── Supplied records ──
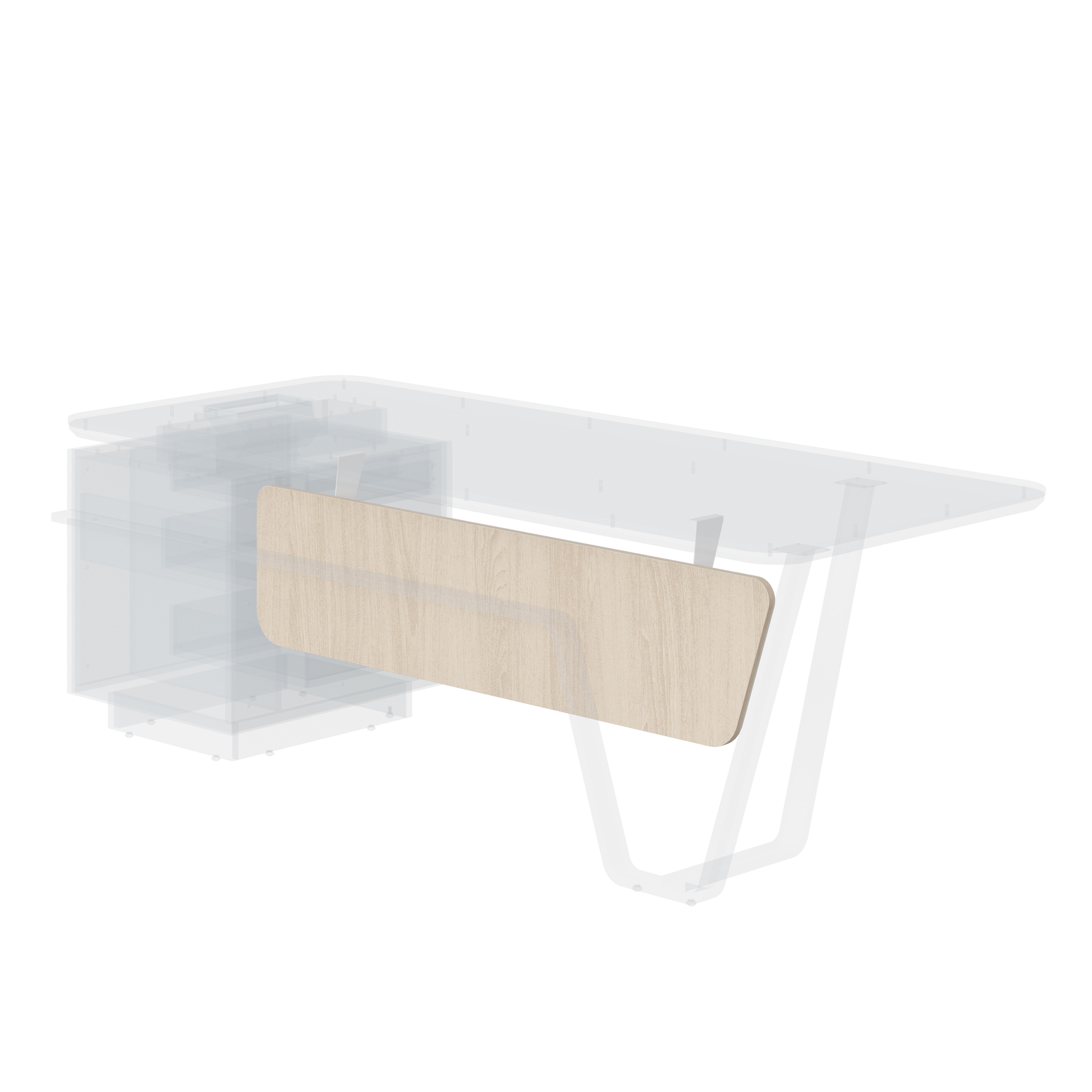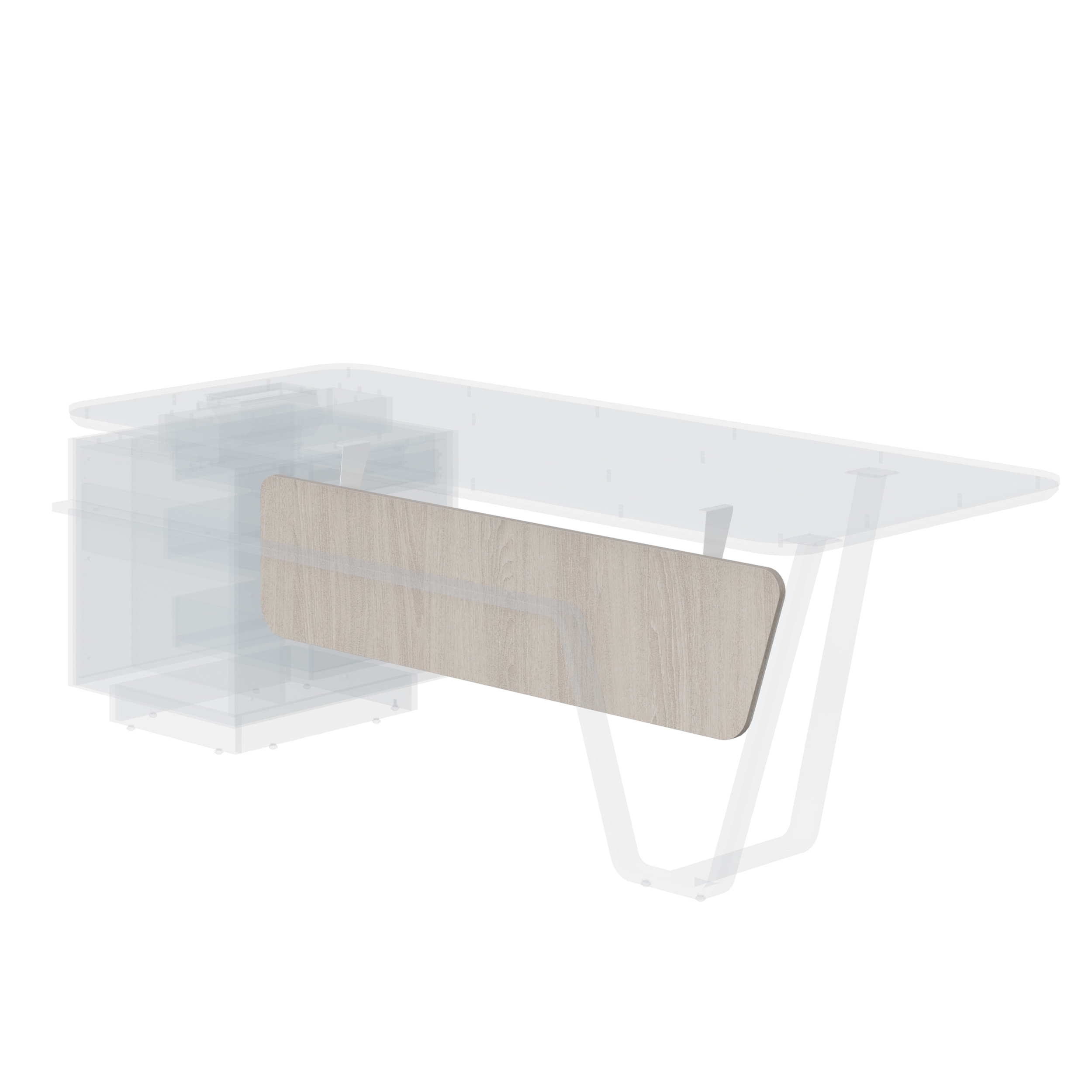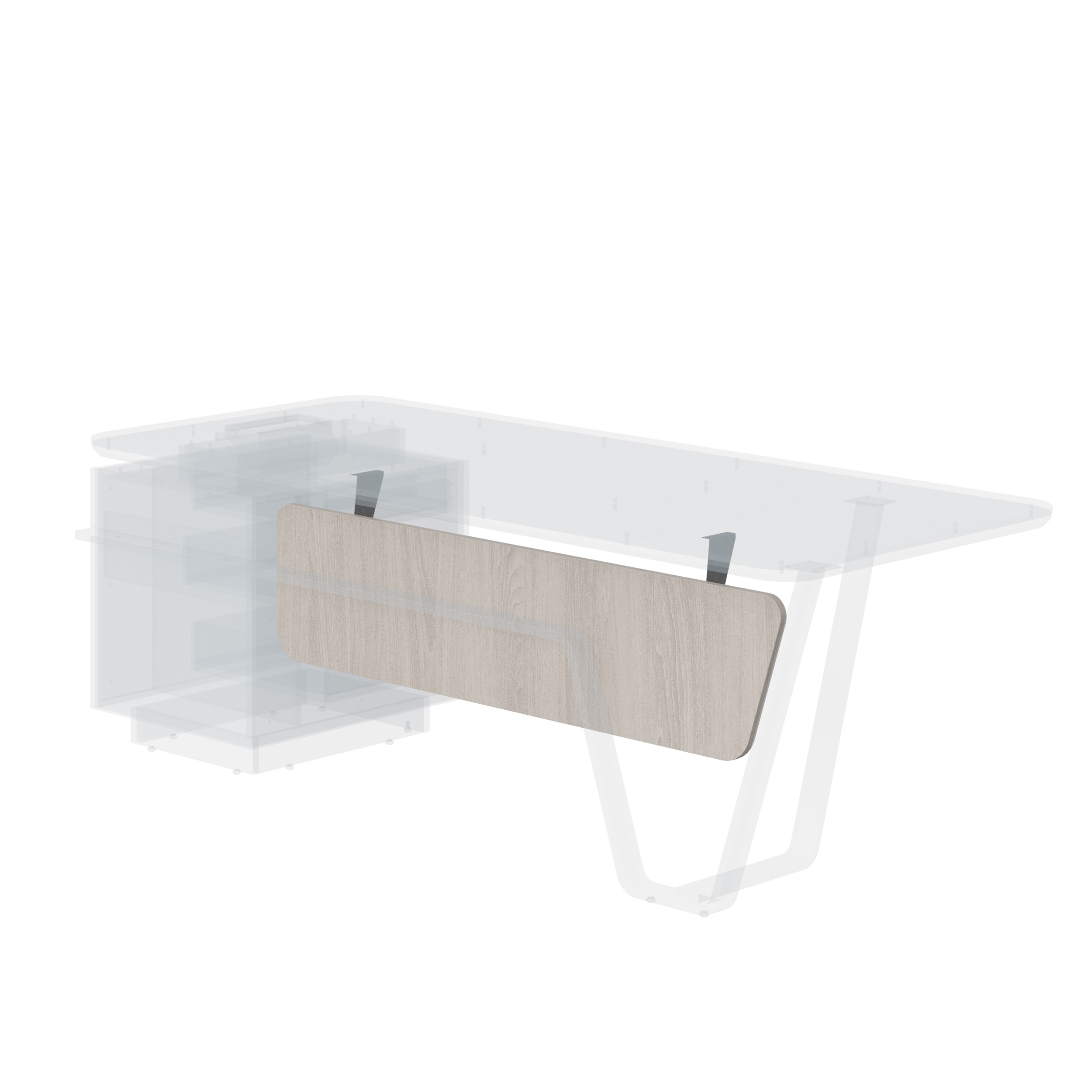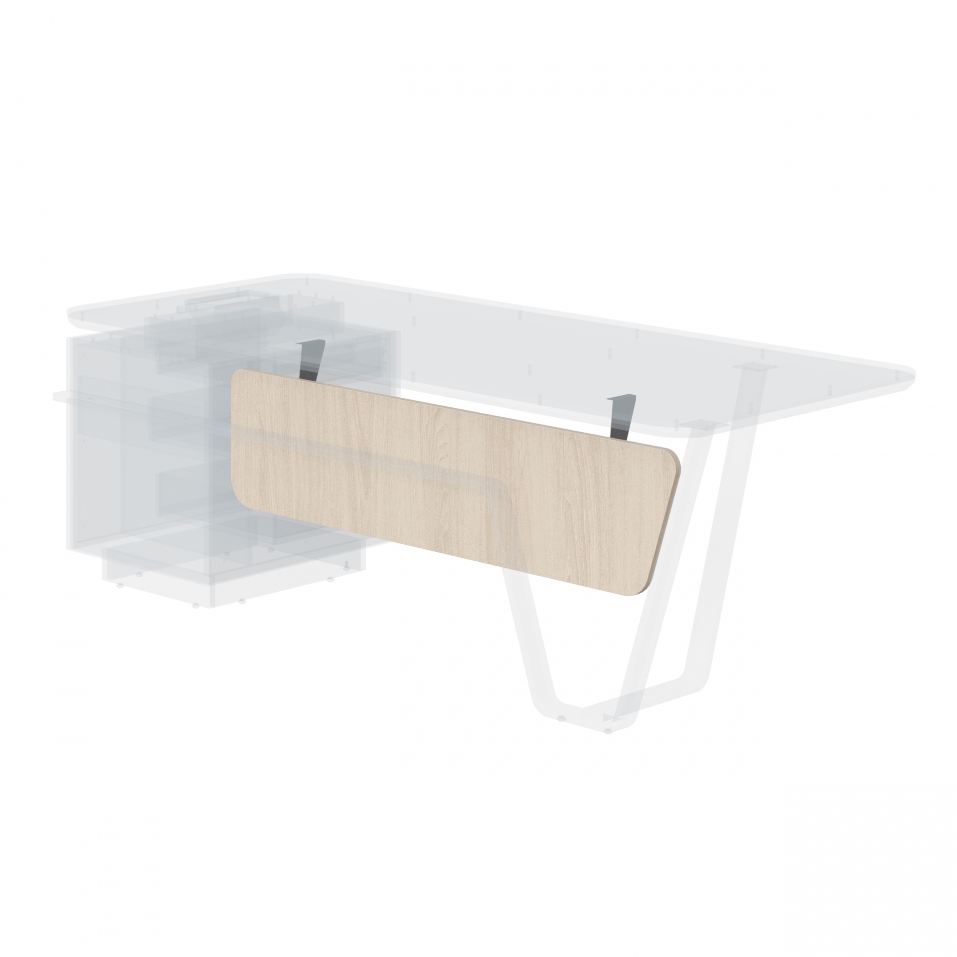 Предусмотрен правый (изображен) и левый вариант исполнения, крепление к столу на металлических кронштейнах. Кронштейны покрыты полимерной порошковой краской с эффектом «муар» в цвет металлического каркаса. Экран изготовлен из плиты МДФ 19 мм, облицованной шпоном.
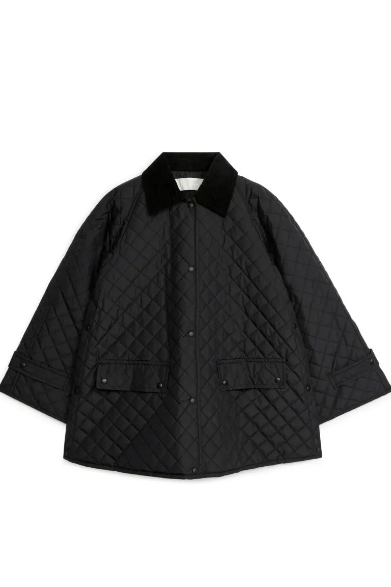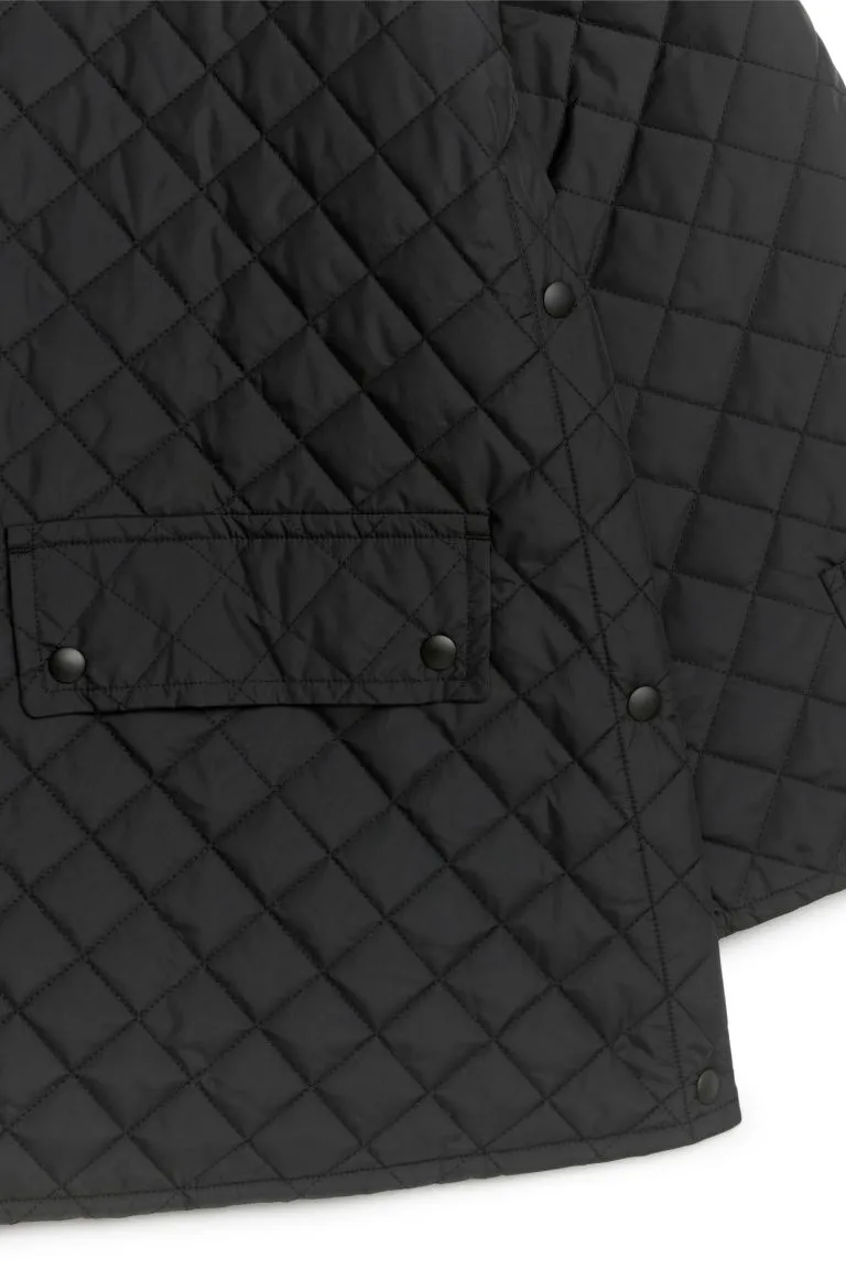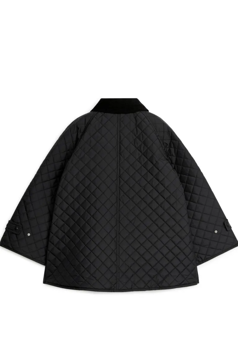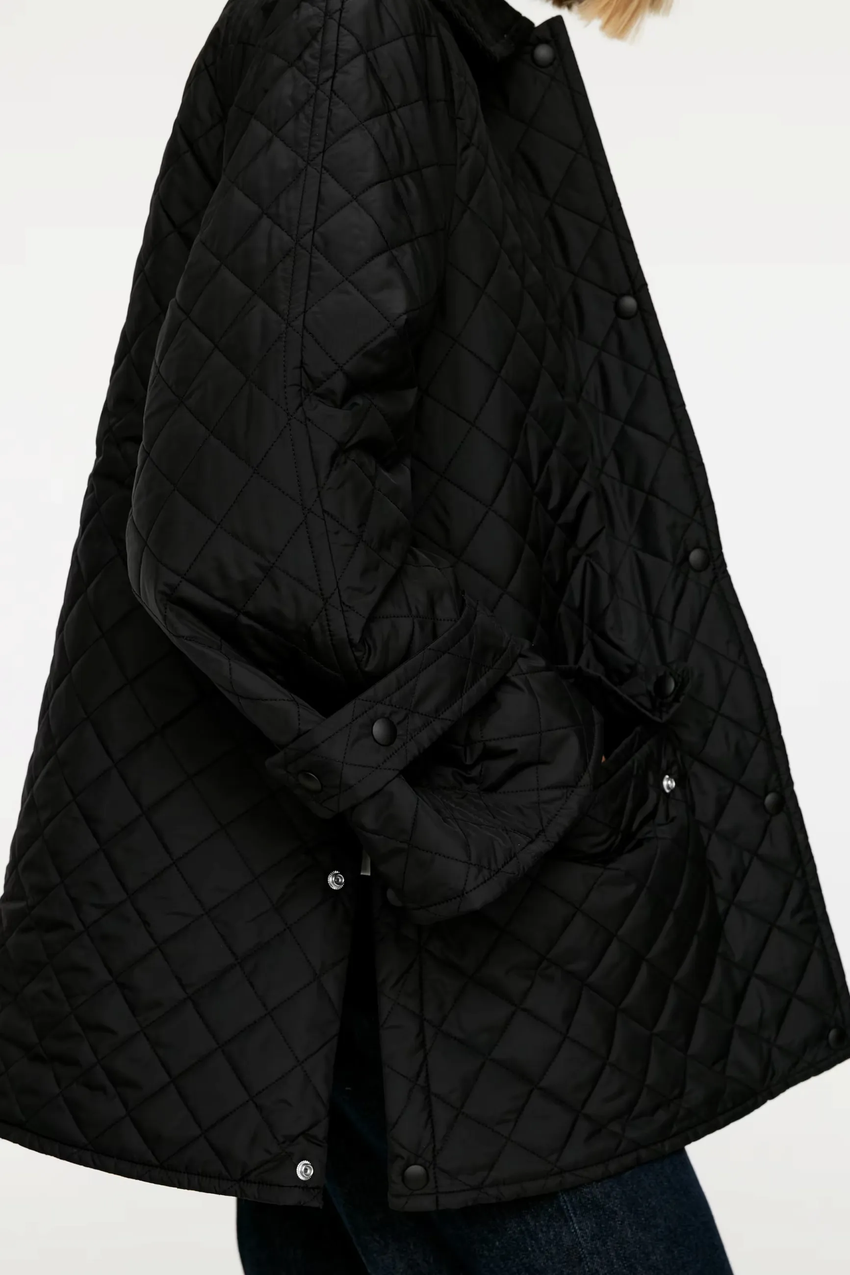 Утепленная куртка с ромбовидной стежкой и вельветовым воротником. Модель А-силуэта с рукавами реглан. Карманы с клапанами и кнопки спереди. Боковые разрезы застегиваются на кнопки.
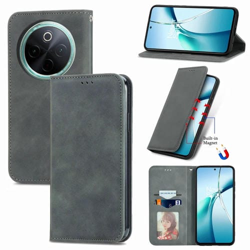 Funda de Cuero con Tapa Magnética y Tacto Retro para Vivo Y300 Pro (Gris)
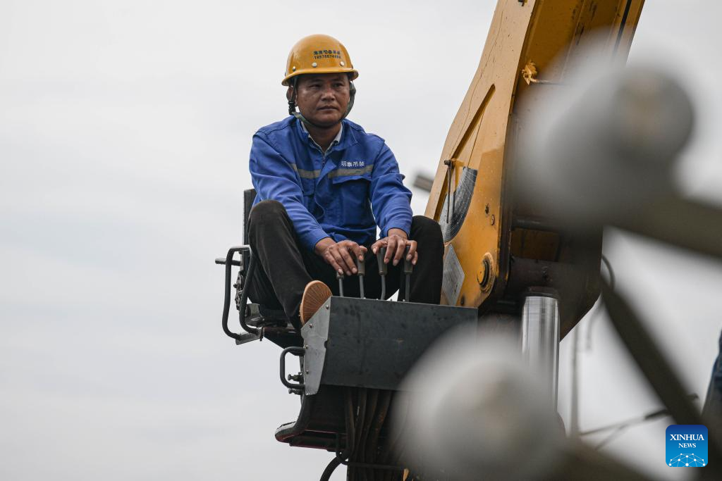 Staff members from a power company based in south China's Guangdong Province repair electrical facilities in Chengmai County, south China's Hainan Province, Sept. 9, 2024. Emergency response workers are busy fixing power supply facilities in Chengmai after Super Typhoon Yagi, the strongest autumn typhoon to land in China since 1949, hit Hainan on Friday. (Xinhua/Pu Xiaoxu)
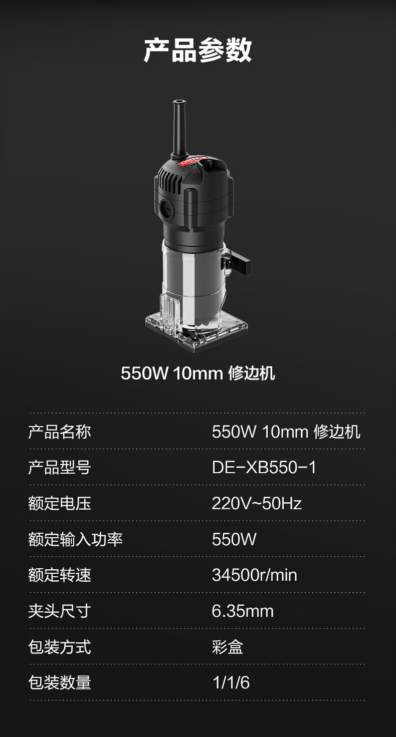 得力 修边机 DE-XB550-1 550W 夹头尺寸6.35mm 1台
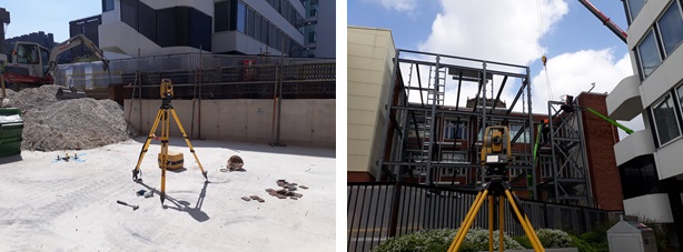 Returning to site, with the remediation, piling and the foundation for the south and leisure blocks completed. Taking on the role of setting out for trades onsite that do not have their own engineer or that the Principal contractor is responsible for providing line and level e.g. brickwork, cladding and curtain walling. Again reprising the role of checking or complete works such as formation and finished slabs, to determine surface regularity and tolerance.
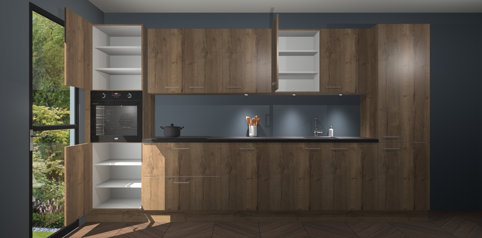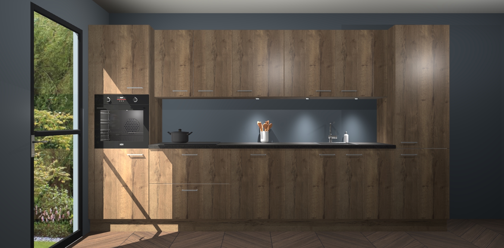 Dit is de perfecte keuken voor wie op zoek is naar een luxueuze stijl zonder zijn portemonnee te legen! Het chique ontwerp van de chocolade eiken keuken Wels voegt dat vleugje verfijning toe aan elk huis. Het gemak van voorgemonteerde kasten bespaart u talloze uren tijd en energie, zodat u veel sneller dan verwacht kunt beginnen te genieten van uw prachtige nieuwe keuken. Bovendien bedraagt de levertijd slechts 7 weken.
───
### Aim of the task
Leave out the pictures and retype every line above exactly.

### Solution for this problem
 Предусмотрен правый (изображен) и левый вариант исполнения, крепление к столу на металлических кронштейнах. Кронштейны покрыты полимерной порошковой краской с эффектом «муар» в цвет металлического каркаса. Экран изготовлен из плиты МДФ 19 мм, облицованной шпоном.
 Утепленная куртка с ромбовидной стежкой и вельветовым воротником. Модель А-силуэта с рукавами реглан. Карманы с клапанами и кнопки спереди. Боковые разрезы застегиваются на кнопки.
 Funda de Cuero con Tapa Magnética y Tacto Retro para Vivo Y300 Pro (Gris)
 Staff members from a power company based in south China's Guangdong Province repair electrical facilities in Chengmai County, south China's Hainan Province, Sept. 9, 2024. Emergency response workers are busy fixing power supply facilities in Chengmai after Super Typhoon Yagi, the strongest autumn typhoon to land in China since 1949, hit Hainan on Friday. (Xinhua/Pu Xiaoxu)
 得力 修边机 DE-XB550-1 550W 夹头尺寸6.35mm 1台
 Returning to site, with the remediation, piling and the foundation for the south and leisure blocks completed. Taking on the role of setting out for trades onsite that do not have their own engineer or that the Principal contractor is responsible for providing line and level e.g. brickwork, cladding and curtain walling. Again reprising the role of checking or complete works such as formation and finished slabs, to determine surface regularity and tolerance.
 Dit is de perfecte keuken voor wie op zoek is naar een luxueuze stijl zonder zijn portemonnee te legen! Het chique ontwerp van de chocolade eiken keuken Wels voegt dat vleugje verfijning toe aan elk huis. Het gemak van voorgemonteerde kasten bespaart u talloze uren tijd en energie, zodat u veel sneller dan verwacht kunt beginnen te genieten van uw prachtige nieuwe keuken. Bovendien bedraagt de levertijd slechts 7 weken.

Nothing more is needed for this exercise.